LombokPost-Peta politik internal Partai Demokrat Nusa Tenggara Barat (NTB) mulai mengerucut menjelang pelaksanaan Musyawarah Daerah (Musda) 2026. Sejumlah Ketua Dewan Pimpinan Cabang (DPC) dikabarkan telah menyatakan dukungan kepada Amrul Jihadi untuk maju sebagai calon Ketua DPD Partai Demokrat NTB periode lima tahun ke depan.
Musda kali ini menjadi momentum penting bagi Demokrat NTB untuk melakukan konsolidasi dan penataan ulang organisasi. Terutama setelah dinamika besar pasca tersandungnya mantan Ketua DPD Indra Jaya Usman (IJU) dalam kasus hukum beberapa waktu lalu.
Sebagaimana diketahui, IJU ditetapkan sebagai tersangka oleh Kejaksaan Tinggi NTB dalam kasus dugaan gratifikasi dana pokok pikiran (pokir) DPRD NTB dan langsung ditahan pada November 2025. Kondisi ini membuat Dewan Pimpinan Pusat (DPP) Partai Demokrat menunjuk pelaksana tugas (Plt) untuk mengisi kekosongan kepemimpinan di tingkat provinsi.
Situasi itu berdampak pada dinamika internal partai di daerah. Sekaligus mendorong kader untuk segera melakukan konsolidasi demi menjaga stabilitas dan kepercayaan publik terhadap Partai Demokrat di NTB.
Dalam konteks itu, pertemuan silaturahmi para Ketua DPC se-NTB yang digelar Minggu (29/3) menjadi sorotan. Pertemuan yang berlangsung dalam suasana Idulfitri 1447 Hijriah itu juga dimanfaatkan sebagai ajang komunikasi politik menjelang Musda.
Dari sepuluh Ketua DPC yang ada, enam di antaranya hadir dalam pertemuan tersebut. Yakni Ketua DPC Kabupaten Bima Misfalah, Ketua DPC Sumbawa Budi Kurniawan, Ketua DPC Sumbawa Barat Ahmad, Ketua DPC Lombok Timur Amrul Jihadi, Ketua DPC Lombok Tengah Adi Bagus Karya Putra, serta Ketua DPC Lombok Utara Zarkasi Haq.

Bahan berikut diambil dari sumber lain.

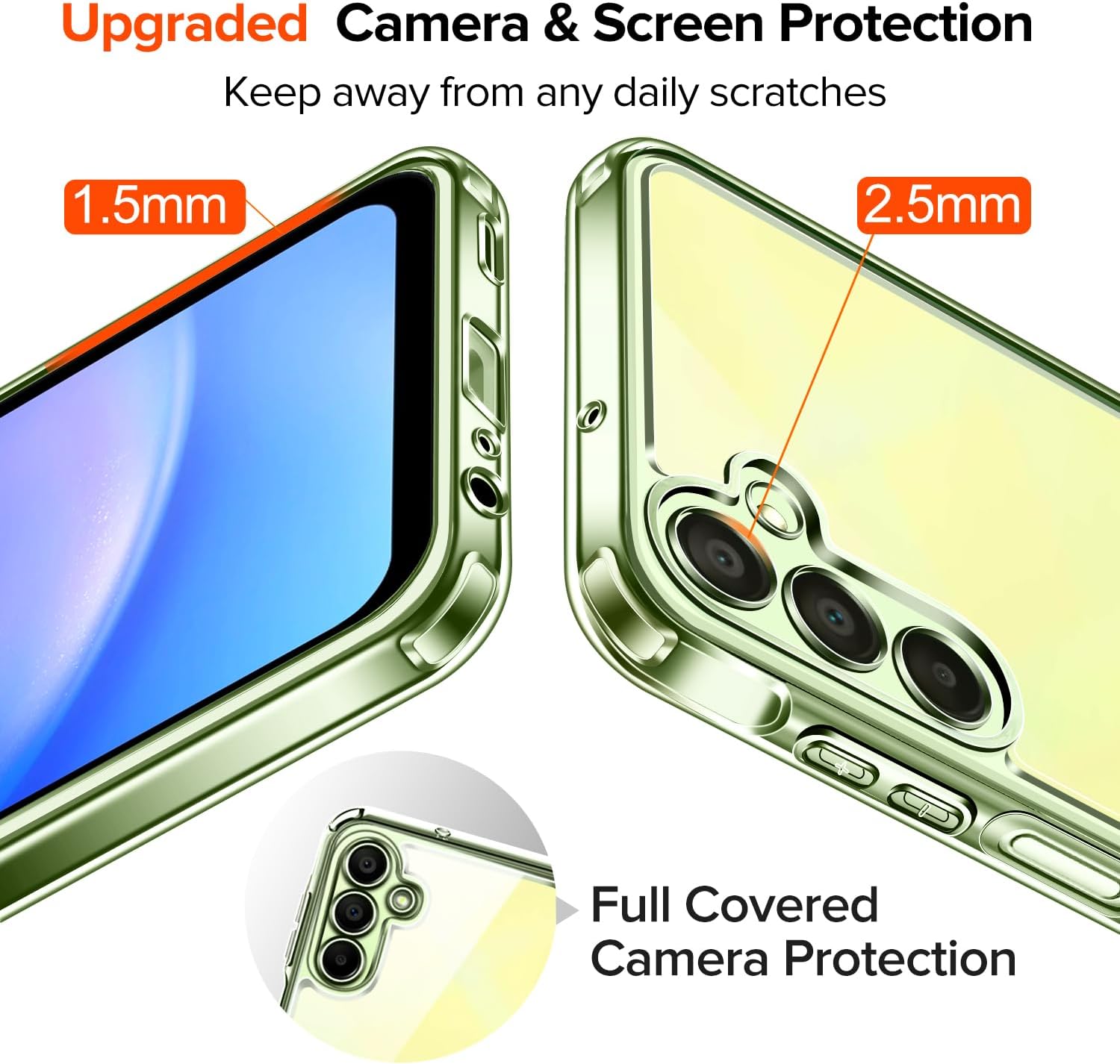 • [Повишена защита на камерата и екрана] --- Камерата и екранът са двете най-скъпи и крехки части на целия телефон. Повдигнатите ръбове около предния екран и обектива на камерата могат ефективно да се справят с последиците от внезапно падане или удар, без да надраскат красивия ви телефон!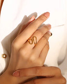 Modern elegance meets everyday ease in the Curl Adjustable Ring. Designed with a smooth, flowing silhouette that wraps gently around the finger, this piece is finished in radiant 18k gold plating for a luxurious touch. Its open-ended design allows for an adjustable fit, making it as practical as it is stylish.

Dalam forum itu, para Ketua DPC menegaskan komitmen untuk mendukung Amrul Jihadi sebagai calon Ketua DPD Partai Demokrat NTB. Dukungan itu bahkan disebut telah dituangkan dalam surat pernyataan bermaterai sebagai syarat administratif pencalonan.
Ketua DPC Demokrat Lombok Tengah Adi Bagus Karya Putra menjelaskan, komunikasi politik antar DPC telah berlangsung sejak lama. Kesamaan visi untuk membesarkan partai di NTB menjadi dasar dukungan terhadap Amrul Jihadi.
“Kesamaan pandangan untuk memperkuat dan memperbesar Partai Demokrat di NTB menjadi alasan utama kami membangun komunikasi sejak awal,” ujarnya pada Lombok Post, Senin (29/3).
Menurut dia, hingga saat ini sedikitnya ada tujuh Ketua DPC telah menandatangani surat dukungan resmi kepada Amrul Jihadi. Jumlah itu dinilai telah melampaui syarat minimal 20 persen dukungan pemilik suara di luar DPP sebagaimana diatur dalam AD/ART dan Peraturan Organisasi Partai Demokrat.
"Walau dihadiri 6 DPC tapi Amrul Jihadi sudah kantongi tujuh dukungan DPC, yaitu Sumbawa, Sumbawa Barat, Lombok Tengah, Lombok Timur, Bima, Lombok Utara dan Lombok Barat, yang Lombok Barat tidak bisa hadir karena ada kegiatan silaturahmi di tempat lain," jelasnya.
Di sisi lain, munculnya sejumlah nama kandidat lain dinilai sebagai dinamika yang wajar dalam proses demokrasi internal partai. Banyaknya tokoh yang berminat memimpin Demokrat NTB dipandang sebagai indikator masih kuatnya daya tarik partai berlambang mercy di daerah.
Magnet itu, kata dia, tidak lepas dari figur Ketua Umum Partai Demokrat Agus Harimurti Yudhoyono (AHY) yang saat ini menjabat Menteri Koordinator Infrastruktur dan Pembangunan Kewilayahan. Kinerja AHY di tingkat nasional disebut turut meningkatkan kepercayaan publik dan kader terhadap masa depan Partai Demokrat.